The AI and tech industries remain overwhelmingly male-dominated, with women occupying only a small fraction of development roles. This gender imbalance directly influences how AI systems are conceived and built. As a consequence of this, male-centered perspectives and assumptions into the architecture of artificial intelligence are dominant. This apart, there is the lack of robust fairness testing in many AI tools, especially across gender, race and cultural dimensions.
Another reason is the quality of the data these systems are trained on. Many AI tools, particularly text-to-image models, rely on massive datasets like LAION-5B—scraped from the internet, where misinformation, sexism and xenophobia are widespread. Without meaningful filtering and oversight, these flawed inputs lead to the replication and amplification of harmful stereotypes and discriminatory narratives.

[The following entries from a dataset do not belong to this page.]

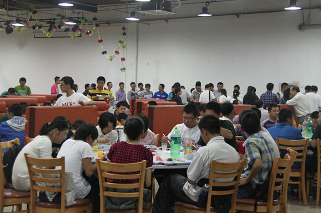 随后在所有同学老师的热情欢迎下,陈鹏万书记发表了简短而幽默风趣的讲话。在陈书记“吃好,喝好,玩好”的讲话的带动下,同学们也不见了和老师们一起就餐的拘束,纷纷离座取餐。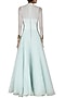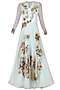 Featuring an aqua bouffant gown in organza and pure silk base with georgette sleeves and multi-color floral applique work.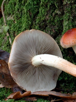 Пластинки: частые, узкоприросшие, светло-серого или жёлто-серого цвета. С возрастом цвет меняется на серо-оливковый, иногда с фиолетовым оттенком.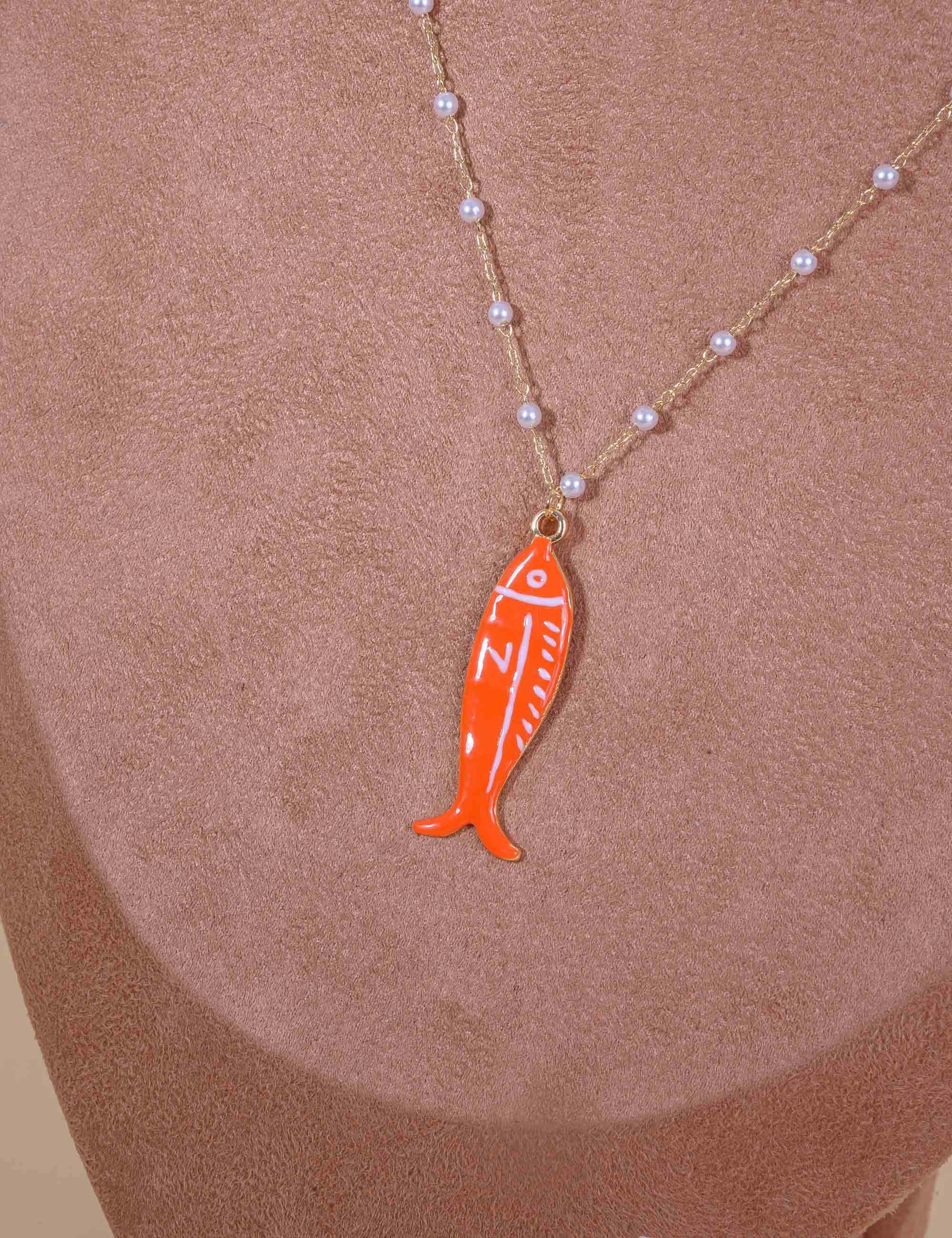 COLAR OURO PEIXE RESINA LARANJA - CO29347VO08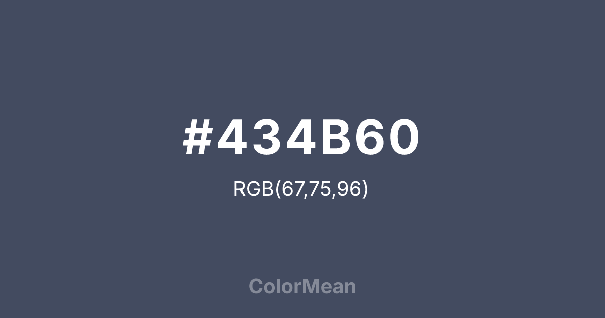 #434B60 RGB value is (67, 75, 96). The hex color red value is 67, green is 75, and blue is 96. Its HSL format shows a hue of 223°, saturation of 18 percent, and lightness of 32 percent. The CMYK process values are 30 percent, 22 percent, 0 percent, 62 percent.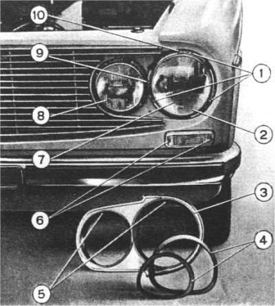 Orientamento proiettori: Si effettua a vettura scarica, posta con i proiettori alla distanza di 10 m da uno schermo verticale. Agire sulle viti registro (9) per l'orientamento del fascio luminoso in senso verticale e (10) per l'orientamento del fascio luminoso in senso orizzontale dei proiettori, dopo aver tolto la cornice esterna (3). Questa operazione è consigliabile farla eseguire da una nostra Officina Autorizzata. |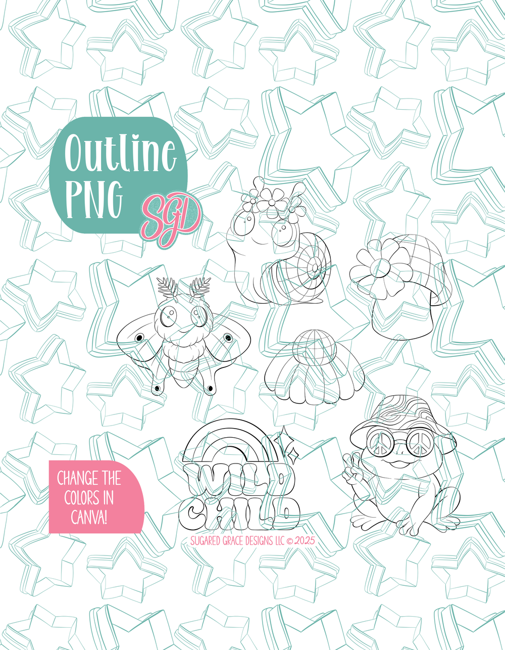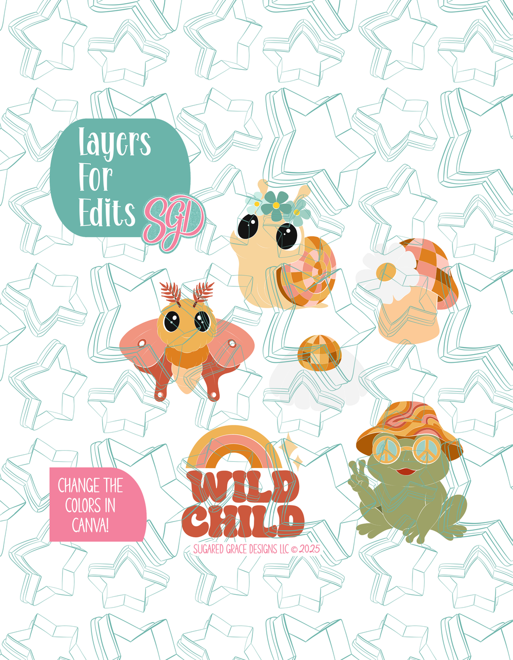 This whimsical disco wild child set is ready to bring all the groovy charm, retro sparkle, and playful energy to your next celebration! It fits beautifully into boho birthdays, groovy rainbow themes,  wild one parties, woodland inspired sets, and even the ever popular “One Groovy Baby” baby shower. You’ll love how simple these designs are to decorate! Just cut, bake, flood, and print using the included PNGs for crisp results, quick turnaround times, and beautifully consistent cookies; even in high volume orders. And because every included PNG is fully editable in Canva, you can easily adjust the colors to match any theme or custom palette your customers request! It’s an all star collection that will leave your customers coming back again and again!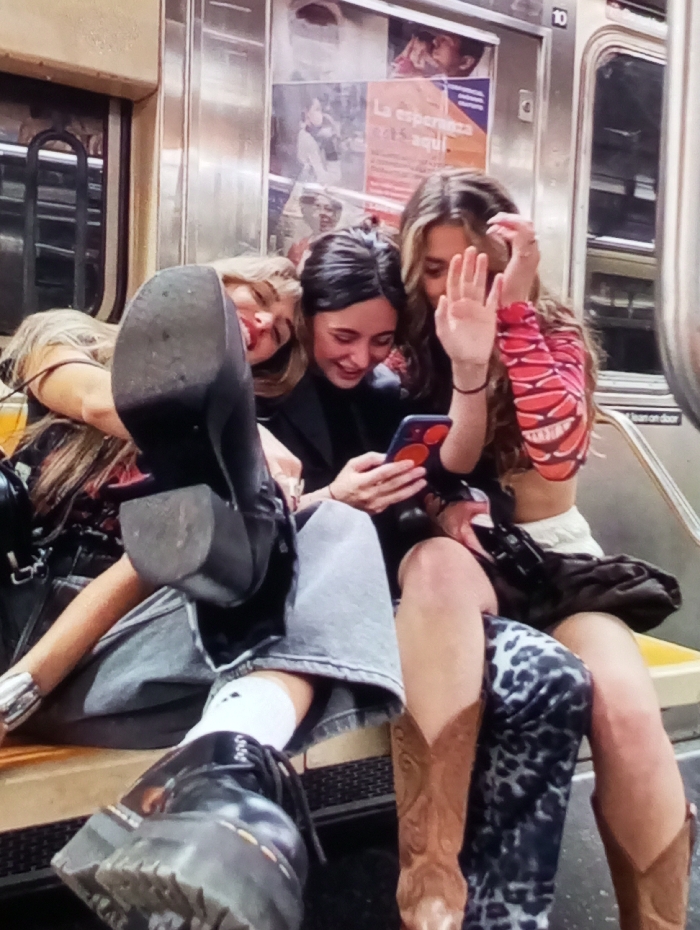 - "Three young adult females are seated inside a public transit subway car in Stopiņu pagasts, Latvia" by FM-1UPjC3, licensed under CC BY 4.0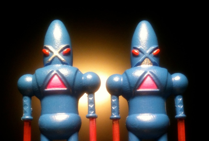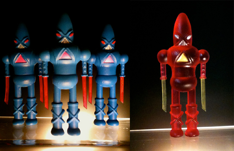 Ninja Robo// Part of the invading Space Army series we featured yesterday, these ninja-robots follow the Tako Cube grunts, and are responsible for exterminating the Tetsujin… The second figure to be sculpted digitally, the awesome 70’s style (with a hint of Star Wars!) robots have been cast in a solid blue resin, armed with twin clear red katana blades. Standing at around 3″ tall, the figures come in 2 subtly different editions, one with a painted mouthpiece (pictured), plus one with a painted face shuriken. Limited to 50 pieces, the Ninja Robos will be available at the Onell Design booth (#3216) and Peter’s online shop for an introductory price of just $20, changing to $25 after the con… Joining the OG Ninja Robo, Peter will also be dropping a con exclusive “Stark” edition too. Coming in the famed gold and red of Marvel’s Iron Man, the awesome looking figure has been limited to 20 pieces, wirth a similar price tag of $20.

The digital gender divide further deepens these inequities. Women globally—and in countries like Nepal—have less access to digital tools. They are underrepresented in online spaces, and face disproportionate levels of online hate, algorithmic discrimination, and exclusion from the tech workforce. Cultural and social barriers continue to restrict women’s access to AI education and mentorship, limiting their participation in shaping the technology. As of 2018, only 10–15 percent of AI developers in major tech firms were women; by 2022, over 90 percent of developers remained male. Generative AI tools not only inherit these biases from their training data but also reinforce them through constant user interactions. For example, when prompted about leadership, these systems often emphasize male figures and valorize stereotypically masculine traits like dominance and risk-taking. This happens because the AI reflects dominant cultural narratives found in the training data. Furthermore, user prompts and feedback—often unconsciously reinforcing existing norms—create a feedback loop that hardens these gendered patterns over time.
The way forward
In conclusion, as generative AI becomes more powerful and widespread, it is essential that we shape its development in ways that promote fairness, inclusion and accountability. This means going beyond technical solutions and embracing a people-centered approach using diverse and representative data, ensuring transparency in how AI systems work, and involving voices from historically marginalized communities in every stage of design and decision-making. Strong ethical and human rights standards must guide AI governance, with clear oversight and accountability mechanisms in place. If developed responsibly, AI has the potential not only to avoid reinforcing existing inequalities, but also to help build a more just and equitable digital future for all.